Prospective intraindividual comparison of 18F-PSMA-7Q and 18F-DCFPyL PET/CT in patients with newly diagnosed prostate cancer.

OBJECTIVE

Fluorine 18 (18F)-2-(3-{1-Carboxy-5-[(6-[(18)F]fluoro-pyridine-3-carbonyl)-amino]-pentyl}-ureido)-pentanedioic acid (DCFPyL) is an early 18F-labeled prostate-specific membrane antigen (PSMA) targeted PET tracer that has shown promise in the diagnostic workup of prostate cancer and was recently approved by the US Food and Drug Administration. 18F-PSMA-7Q is a novel 18F-labeled PSMA-ligand PET tracer designed and synthesized by our team. This study compared the tracer-specific positron emission tomography/computed tomography (PET/CT) characteristics of 18F-PSMA-7Q with those of 18F-DCFPyL in patients with newly diagnosed prostate cancer.

METHODS

Ten patients received similar doses of 18F-DCFPyL and 18F-PSMA-7Q 48 h apart and were imaged 1 h after injection on the same PET/CT scanner.

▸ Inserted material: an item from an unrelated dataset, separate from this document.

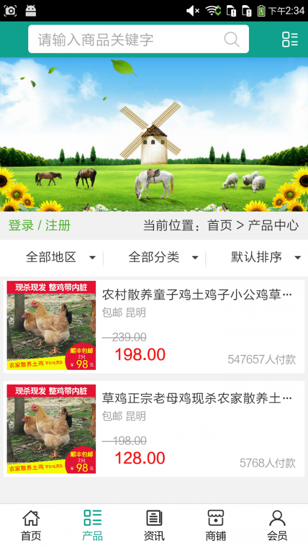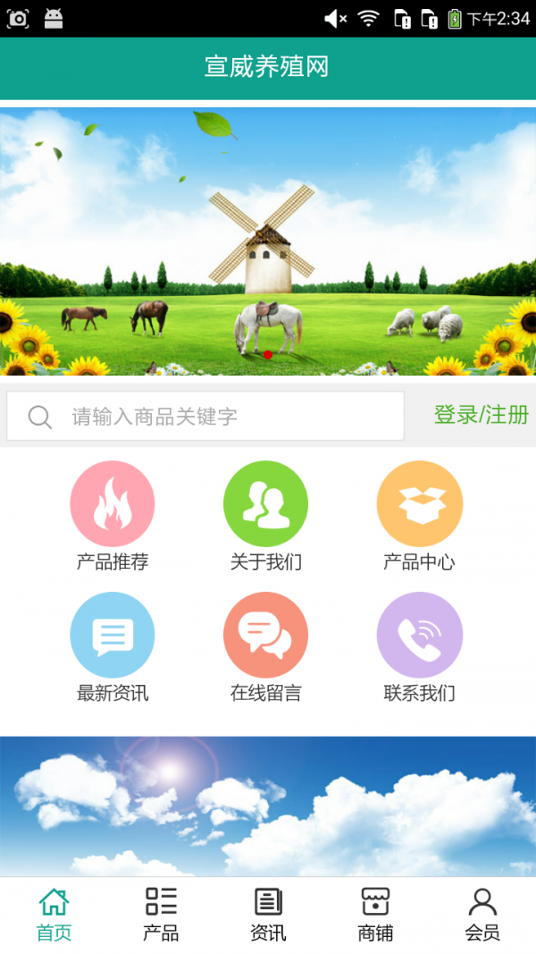 宣威养殖网app不仅具备购物、查询订单、搜索商品、行业资讯和 产品评价等常用功能,而且还实现了手机版特有的会员注册 登录、广告位、招商开店等功能。目标是整合宣威当地品牌商、 生产商、经销商,为商家和消费者之间提供一站式解决案。
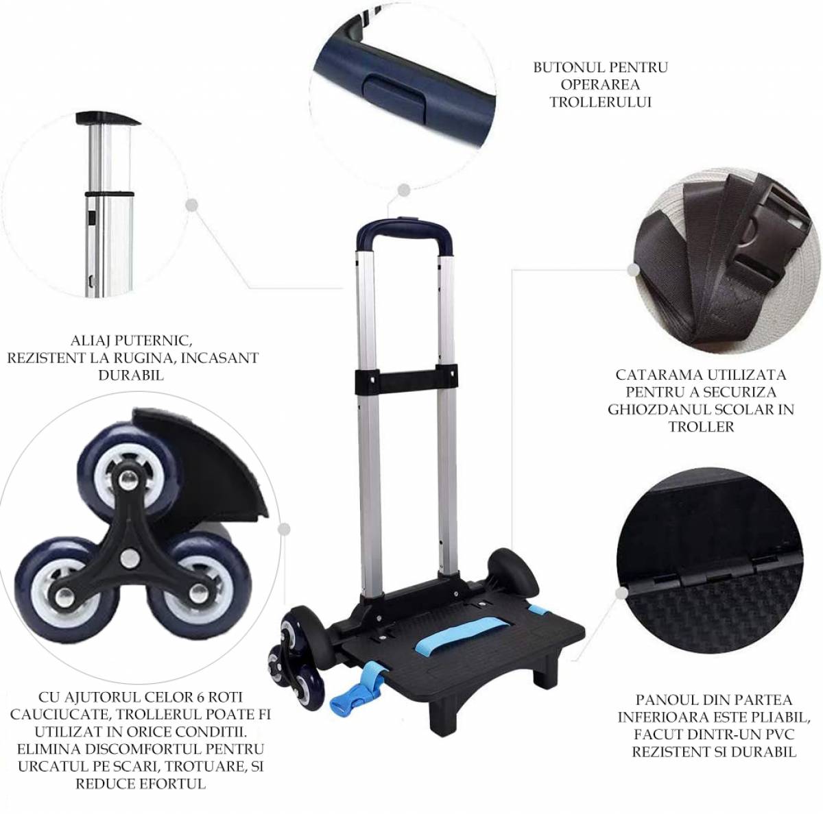 - Troller Detasabil: Echipat cu un troller detasabil și 6 roți, asigurând o manevrabilitate ușoară pe diverse suprafețe.

Normal-organ biodistribution and tumor uptake were quantified using maximum and mean standardized uptake values (SUVmax and SUVmean), and all lesions were assigned a molecular imaging PSMA (miPSMA) score based on Prostate Cancer Molecular Imaging Standardized Evaluation criteria.

RESULTS

Seventeen lesions were detected in the 10 patients by both 18F-DCFPyL and 18F-PSMA-7Q. No statistically significant difference was observed when comparing the SUVmax and SUVmean of 18F-DCFPyL and 18F-PSMA-7Q in the lesions and parotid gland. The κ value for the miPSMA scores of the lesions between the two tracers was 0.907, indicating excellent agreement.

CONCLUSION

18F-PSMA-7Q can be used in clinical research as reliably as 18F-DCFPyL. The limited urinary excretion of 18F-PSMA-7Q may represent a potential advantage over 18F-DCFPyL for detection of lesions in the pelvis, which need to be verified by further studies.